HIV-positive and pregnant
At the onset of the HIV and AIDS pandemic in the 1980s in Jamaica, being HIV-positive was considered a death sentence, and the truth is that a number of people died in the early years of the pandemic. Fear, anxiety, uncertainties, homophobia, stigma, and discrimination led the way as people at all levels of society went more into panic mode, rather than showed genuine care and support for the infected and affected.
Indeed, with still much uncertainty about the treatment required and phobia relating to the idea that this was a homosexual or gay disease, in a context in which fear of homosexuality is like a pandemic by itself, those who were infected were condemned twice. That is, they were infected with a virus that would most certainly lead to their death with complications from AIDS, bearing in mind that even in death some religious leaders and groups would not conduct their funerals, and the stigma relating to spiritual, social, ideological, economic, and political engagements.
The consensus is that these were the dark ages of the pandemic, and yet there were numerous signs of hope as people risked their lives to intervene in order to care for the infected and affected.
Stigma and discrimination
Fast-forward to 2023 and one would think that, with advances in science, research, development, and almost 100 per cent increase in knowledge, attitude, and behaviour, the level of stigma and discrimination towards people living with HIV, their families and loved ones would change. Not so.
Recently, I was informed that JN+ has data, through their stigma index, indicating that women in Jamaica who are HIV-positive are being sterilised or deprived of the possibility of getting pregnant due to the very wrong and harmful perception that they are not to give birth to children due to the risk of passing HIV to the unborn child.
I am grateful, not just to scientific and medical advances, but to an Anglican priest, Canon Gideon Byamugisha from Uganda, who, in 1992, became the first religious leader in Africa to publicly announce that he was HIV-positive. Years later, at the time we spoke, on the occasion of a visit to Jamaica and the United Theological College of the West Indies, where he addressed an audience of students, faculty and various stakeholders in the fight against HIV, Canon Gideon indicated he and his wife Pamela (who is also HIV-positive) have two daughters whose names are Love and Gift, who are HIV-negative. The issue of why there would be a need to sterilise women of child-bearing age without their consent raises not just concern about stigma and discrimination, but also worry about the state of human rights and social justice in our beloved country.

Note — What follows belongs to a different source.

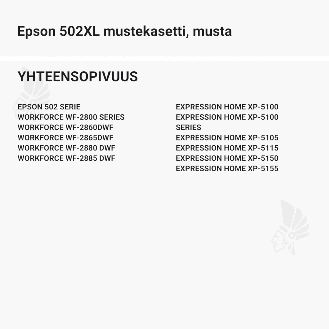 musta mustekasetti Epson 502XL – Takuu 3 vuotta.

Stigma is placing a label on someone without their consent, as in the practice of branding the enslaved with the names of their masters during the period of enslavement in Jamaica and other places in the Caribbean. Discrimination is putting people in categories or status based on perceived natural or social designations which it is determined best suits their name, age, gender, sexual orientation, or place of residence.
Right the wrong
Put together, and especially detrimental in the case of women and girls who are often stigmatised and discriminated against purely on the basis of gender, this serves to undermine their sense of identity as authentic human beings. Men and boys are not to be left out, as in a context in which, according to the late Professor Barry Chevannes, boys receive their socialisation on the streets — rather than at home — and with the general view that “man must have nuff gal and gal inna bungle”, according to a popular reggae artiste, it is no wonder some men feel pressured to father children for whom they take little or no responsibility.
At the same time, though this orientation and socialisation of males go back to the plantation, and with the tide now shifting to more men taking responsibility for their children, there are signs that tremendous steps are being taken to right the wrongs of the past.
In this context, and bearing in mind that the rate of HIV in Jamaica still stands at approximately two people out of every 100,000 infected, this is an indication that the rate of mother-to-child transmission has decreased significantly.
The question, then, is: Why are there reports of discrimination against women of child-bearing age that are HIV-positive?
Women are as important as any other Jamaican, and everything is to be done to ensure their human rights are protected, preserved, and promoted. Furthermore, those who were reportedly sterilised without their consent must be encouraged to seek redress through the appropriate legal channels.
Advocacy for justice
In the meantime, all people of goodwill must let their voices be heard for and on behalf of those who are marginalised in society. Indeed, as Martin Luther King Jr reminds us, injustice anywhere is injustice everywhere, and with the Charter of Rights now well enshrined in the Jamaican Constitution, accompanied by the requisite protection of the rights of women, girls, men, and boys, every step must be taken to protect all citizens. Our future will only be guaranteed if women who are HIV-positive are guaranteed that a HIV-positive status is no reason not to get pregnant and give birth to more handsome and beautiful boys and girls. Social justice for HIV-positive pregnant women matters.